The history of creative works, whether Romeo and Juliet or the Beastie Boys' "Pass the Mic," is a chronicle of "borrowing" from others. Intellectual-property lawyers might use a harsher word. But the framers of the Constitution always intended to provide owners of creative works with only limited monopolies, ensuring that the public gets the right to fashion new works from old.
Over the years, however, Congress, sometimes at the behest of media companies, has erected immense barriers to derivative works by extending repeatedly both the length and the scope of copyright protection. A copyright holder no longer has to register a new work. Any blog, poet's sonnet or even a child's crayoned drawing now receives copyright automatically. Permission is needed for republishing or excerpting, with limited exemptions for fair use. Copyright in its current form fails to strike a balance between the extremes of allowing total control over every work--"all rights reserved"--and an anarchic system in which pirates steal wantonly without recompense to owners.
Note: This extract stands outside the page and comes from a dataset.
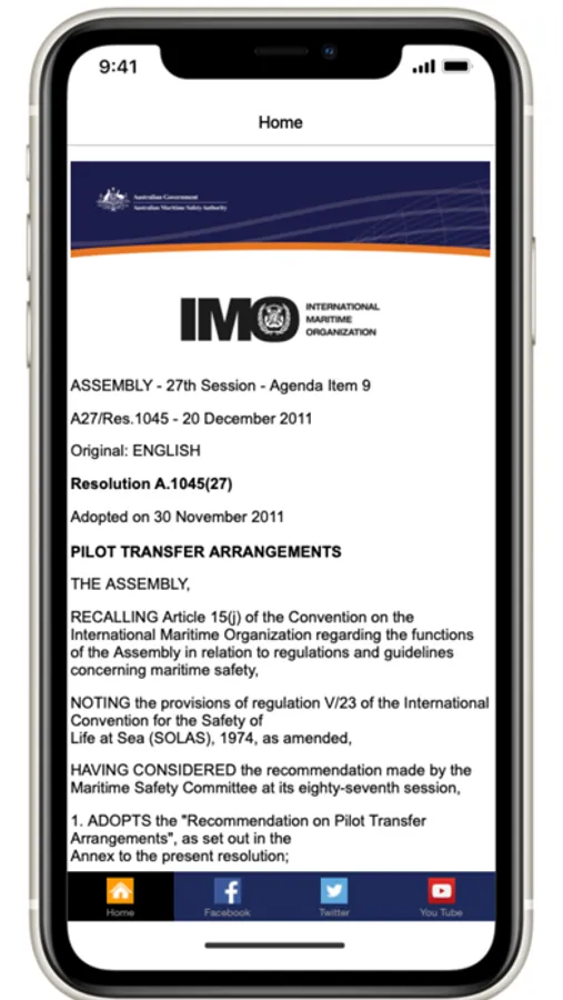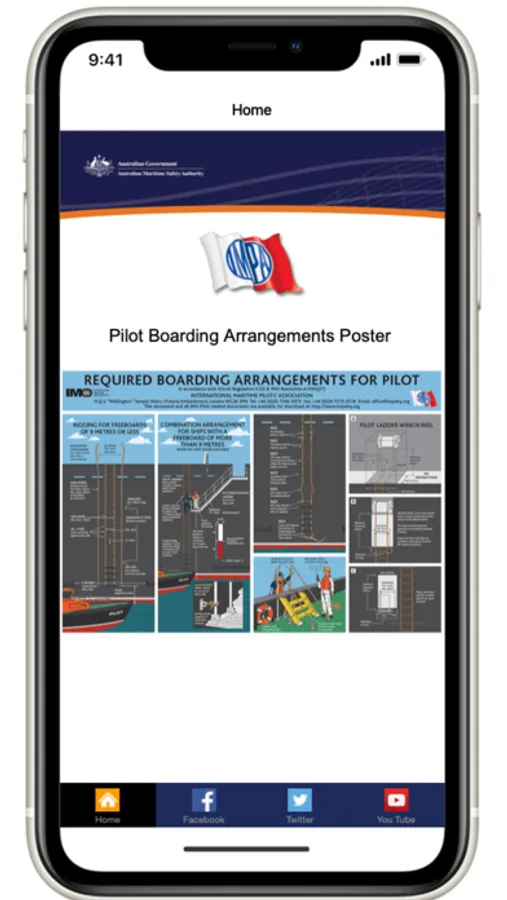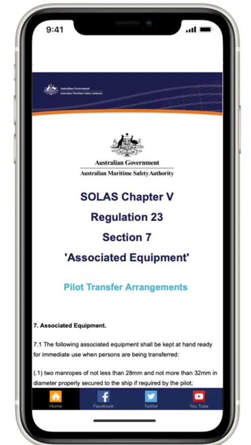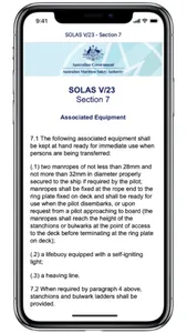 Many useful information resources regarding pilot transfer arrangements are contained in the App including the IMO Pilot Boarding Poster, IMO Resolutions, ISO 799, relevant Marine Notices etc.

Overly strong property rights can threaten the Internet as a medium capable of fostering dynamic interchange of ideas.
In 2001 Stanford University legal scholar Lawrence Lessig set about righting this imbalance by becoming the leading force behind Creative Commons, a nonprofit group that furnishes a much needed middle ground that lets owners give up some but not all of their rights. An author still retains a copyright, but only some rights are reserved by choosing among the dozen or so free licenses, denoted by the Creative Commons's mark, that are available for downloading off the Web. One license permits others to use a work as long as attribution is given. Another gives the right to sample (take a snippet to mix with music or other content) as long as the entire work is not used. Some five million Creative Commons licenses are in use. The BBC plans to license archival material to the British public without a fee as long as it is not used for commercial purposes. The Massachusetts Institute of Technology exploits the licenses to give free access to excellent online course materials. Creative Commons has started a Science Commons effort that will even explore the open licensing of technology contained in some patents. The Public Library of Science already takes advantage of one of the licenses to specify the conditions under which scientific journal articles are made available free of charge.
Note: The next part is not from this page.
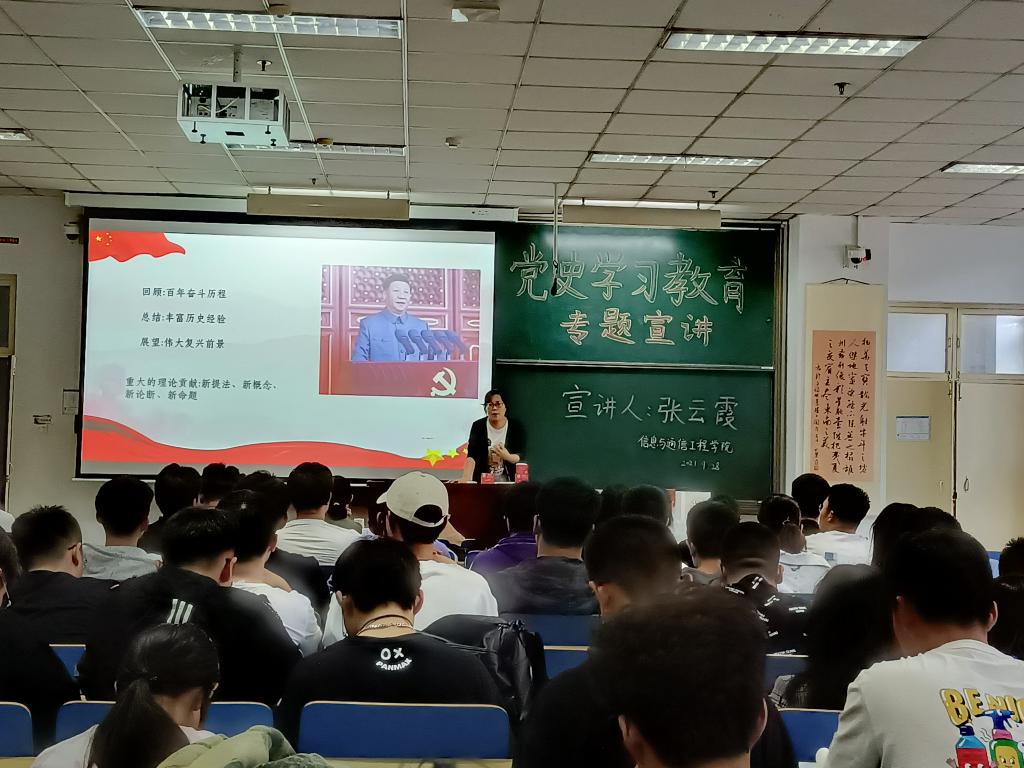 根据中北大学党史学习教育宣讲活动要求,2021年9月28日下午4:30在11112教室,信息与通信工程学院党委邀请中北大学党史学习教育宣讲团成员张云霞老师作题为《学习“七一”讲话精神 感悟百年大党人民情怀》的专题讲座,全体师生党员参加了本次学习。

The Internet, as a universal publisher of sorts, needs to be more than an outlet for commercial interests. Nascent communities of artists, scientists and nonprofits want some way to share and rework one another's intellectual output without the enormous legal burdens that come with increasingly draconian rights management. The entertainment industry has been largely silent on this issue--its idea of innovation having been the launching of lawsuits against 10-year-olds to punish music pirating. In this environment, the introduction of Creative Commons's middle path of "some rights reserved" is surely a welcome arrival.
© 1996-2005 Scientific American, Inc. All rights reserved.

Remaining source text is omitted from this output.